The Queen’s Speech: A data protection law ‘fit for the 21st century’
Daradjeet Jagpal looks at data protection provisions on the horizon.
In the Queen’s Speech this week, the Queen confirmed the intention of the UK government to issue a Data Protection Bill to give effect to the new EU General Data Protection Regulation in UK law and to give the UK a “data protection regime that is fit for the 21st century”.
The new Data Protection Bill, which will result in a new Data Protection Act (2018), will ensure that the UK’s “data protection framework is suitable for our new digital age and cement the UK’s position at the forefront of technological innovation, international data sharing and protection of personal data”.
The Queen’s Speech also confirmed that the new bill will “strengthen rights and empower individuals to have more control over their personal data including a right to be forgotten when individuals no longer want their data to be processed, provided that there are no legitimate grounds for retaining it”.
The emphasis in the Queen’s Speech is very much on the rights of individuals, which are to be significantly enhanced under the new bill (as per the Regulation). Individuals will not only enjoy improved rights of access to their personal data held by organisations, but they will also have new rights, including the “right to be forgotten” or the right to erasure when an organisation does not have a legal basis for holding on to their personal data.
The new bill will also give the Information Commissioner, the regulatory body for Data Protection in the UK, increased enforcement powers to take action against organisations that fail to comply. This includes the power to issue fines of up to €20 million in the case of the most serious Data Protection breaches.

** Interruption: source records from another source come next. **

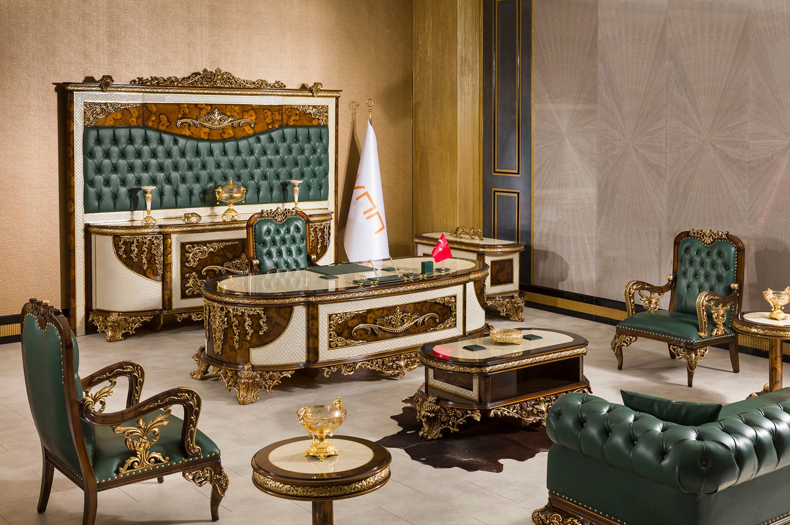 KHALIFA VIP Yönetici Masa Takımı ile prestij, ergonomi ve fonksiyonu aynı anda deneyimleyin. Yerinde keşif ve teklif için bizimle iletişime geçin.
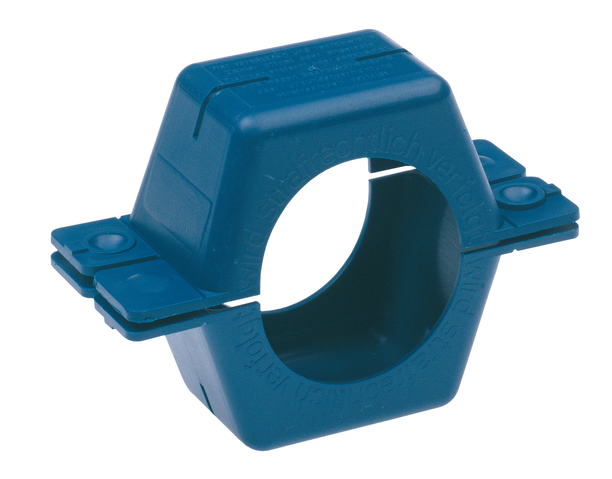 Plomberingsanordning i plast bestående av två halvor för plombering utan tråd av vattenmätare Q3 6,3 (Qn6). Plombering sker genom att den befintliga plastplomben på anordningen trycks till med tång.
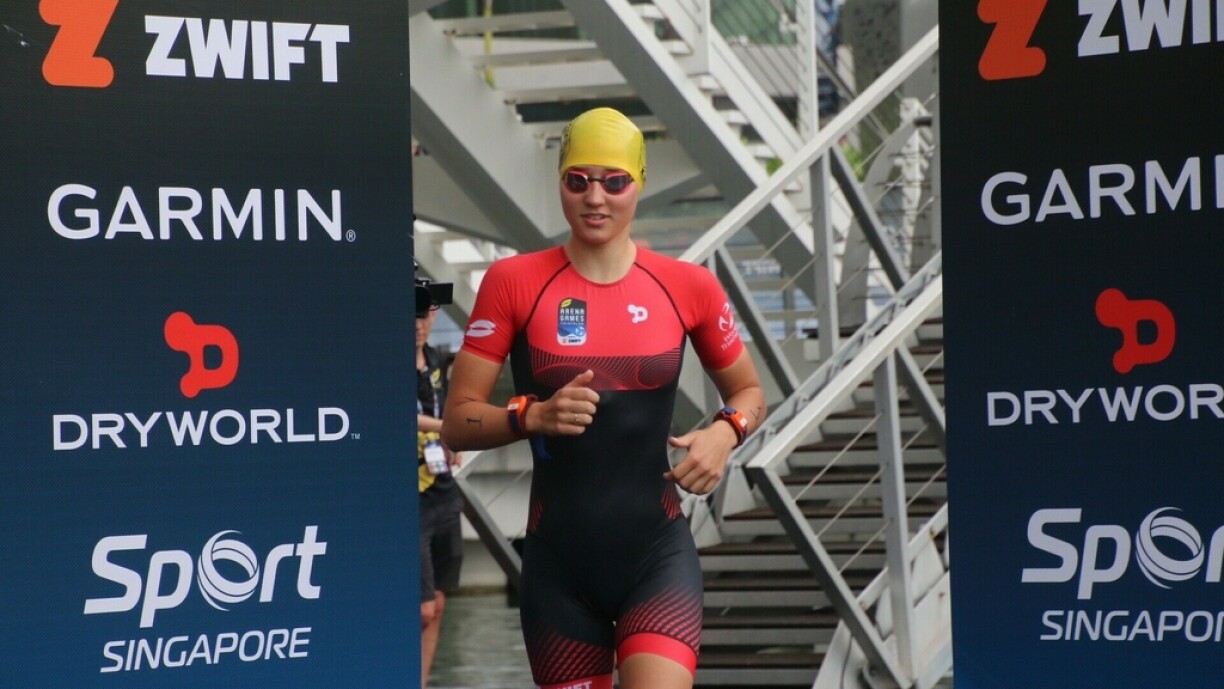 Zu Singapur war e Samschdeg d’Finall vun den Arena Games am Triathlon, en eSport-Event. D’Lëtzebuergerin Eva Daniëls konnt sech an der Finall (200 Meter Schwammen, 4 Kilometer Vëlo an 1 Kilometer lafen) vun den Dammen op der staarker 7. Plaz klasséieren. Si hat e Retard vun enger Minutt an 22 Sekonnen op d’Gewënnerin Zsanett Bragmayer aus Ungarn.

The UK’s intention and willingness to give effect to the Regulation approaching and post “Brexit” is nothing new. Indeed, in Autumn last year, the UK government confirmed its intention to do so, not only for the reason that the UK will still be an EU member state until well into 2019 and is legally bound to give effect to all EU laws in UK law until its membership ceases, but also because of the potential disruption to commercially valuable international data flows that could result from non-implementation of the Regulation.
In the case of the latter, post-Brexit, transfers of personal data from the EU member states to the UK could be prohibited on the basis that the UK does not offer an adequate level of Data Protection (a key requirement of the Regulation) – a likely outcome in the light of the fact that the existing Data Protection Act 1998 is severely outdated and arguably not fit for purpose in the digital age. As the Queen’s Speech notes, over 70 per cent of trade in services is facilitated by data flows, and the digital sector contributed £118 billion to the economy and employed almost 1.5 million people across the UK in 2015.
While some EU member states have already published their proposed laws implementing the Regulation into their domestic laws (Ireland being one of the most recent), the Queen’s Speech does not necessarily make the UK late to the party, and there is still plenty of time in this legislative session to draft and pass a Data Protection Bill. If not, the Regulation will be directly applicable in the UK from 25 May 2018 in any event.
Daradjeet Jagpal is legal consultant and director of Information Law Solutions.